| 'Zamir' in Urdu means 'conscience', and
that is what Zamir Niazi, that great chronicler of media freedoms and censorships,
was to so many of us - our conscience. His death on June 11, 2020 is a huge
blow to those struggling for freedom and justice in Pakistan.
His frail, white-clad figure belied the steel within, and the formidable will power that kept him going long past doctors' predictions. Till the last, he was working, perched at the edge of his bed, over-sized glasses dominating his thin, broad-browed face framed by long hair, surrounded by books, papers and other references, a telephone set handy by his side.
Uncharacteristically for a man of his generation, he had no hesitation in picking up that telephone to call a younger colleague in appreciation of a recently published article, to share outrage at yet another violation of media freedom and ask what the journalists' community was doing about it. Each successive blow to media freedom in Pakistan saddened him, but you could almost see the gleam in his eyes as he rose to the challenges these restrictions posed, even as you strained to hear his soft voice over the phone.
Or he would call to seek information - usually, references for something he had read or heard about. A meticulous indexer, he sought the original source. He never took such help for granted, often ringing again later to voice his thanks.
Zamir Niazi was a symbol of the fight for a free media and freedom of _expression. A voracious reader, he was totally un-acquisitive in the material sense -- except when it came to his passion, books and journals. His trailblazing first book, 'Press in Chains', 1986, published by the Karachi Press Club, ran to several editions. The Zia regime still enforced press censorship in a crude and heavy-handed way - very different from the more subtle, hidden constraints and pressures of the present day dominated by what Zamir Sahib deridingly called 'presstitutes' controlled by the corporate sector and self-censorship.
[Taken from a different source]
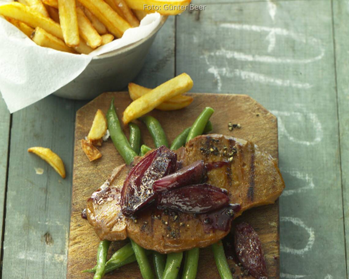 Foto: Günter BeerSeitan-Steak mit Rotweinschalotten

'Press under Seige' (1992) and 'The Web of Censorship' (1994) firmly established him as a one-man institution on media rights and responsibilities. He was awarded the HRCP's Nisar Osmani Award for Courage in Journalism, 1997, named for another outstanding and courageous journalist, who like him was a man of not just words, but deeds.
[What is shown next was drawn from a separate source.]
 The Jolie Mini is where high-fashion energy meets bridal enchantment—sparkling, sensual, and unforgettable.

When the government banned six newspapers at one go in 1995, Zamir Niazi demonstrated the moral fibre that few possess, by returning his prestigious Pride of Performance award along with its accompanying Rs 50,000, to then President Farooq Leghari. His letter to Leghari was unrelenting in its condemnation:
"Never in the bleak history of Pakistan, not even under the tyrants who have ruled over us, have six newspapers been banned by the stroke of a single pen, using the cover of the draconian Maintenance of Public Order Ordinance 1960. This was done by the government of the state you head, without it having assigned any justifiable specific reason. An appeal against an order passed under the MPO Ordinance lies only (with) the government. This is tantamount to appealing to Nero for relief against a death sentence handed down by Nero," he wrote in a letter to the President.
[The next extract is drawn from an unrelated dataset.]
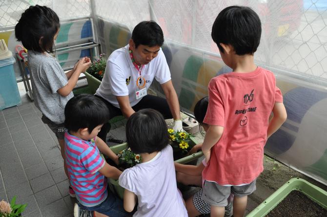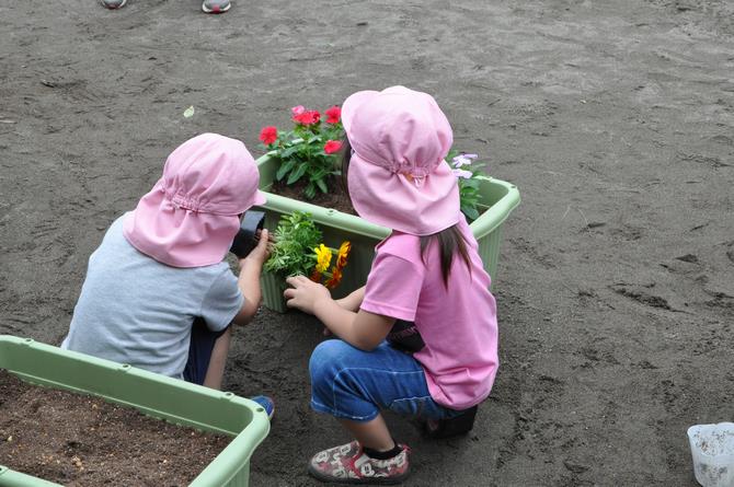 今回は5歳児と4歳児の園児が花植えを体験しました。

When Nawaz Sharif's government persecuted the Jang group in 1998, ostensibly over tax returns but actually because of plans to launch a television news channel, Zamir Niazi, despite ill health, was there at the demonstrations.
The nuclear explosions of 1998 pushed him into editing 'Zameen ka Nauha' (Elegy for the Earth), an Urdu anthology of anti-nuclear poems and essays, published on the second anniversary of Pakistan's tests (Scherezade, Karachi, 2000).
Even when ill-health made him almost house-bound, he never complained. "We must meet," he good-humouredly told my father, "but us old people now have to be carried around everywhere!"
Always happy to receive visitors, he was an entertaining host, with his incisive analyses of the present political situation, laced with gentle humour. "Arey, how could you go to my city alone, you should have taken me along in your suitcase," he joked after I returned from attending the World Social Forum in Bombay. It turned out that his mother had just passed away there - typically, he conveyed the information without sentimentality.
Young at heart and forward-looking, he lived in the present and for the future, taking on in his last years a project that a younger person would have quailed at - censorship worldwide, through the ages. His anger at the destruction of precious records in Iraq catalysed him into even more feverish activity towards completing the book, to be titled, 'Books in Chains, Libraries in Flames' -- a culmination of his life's works that he knew was a race against time.
Zamir Niazi lost that race, but someone should pick up the material he so painstakingly collected, and complete it. That would be a fitting tribute to our Zamir.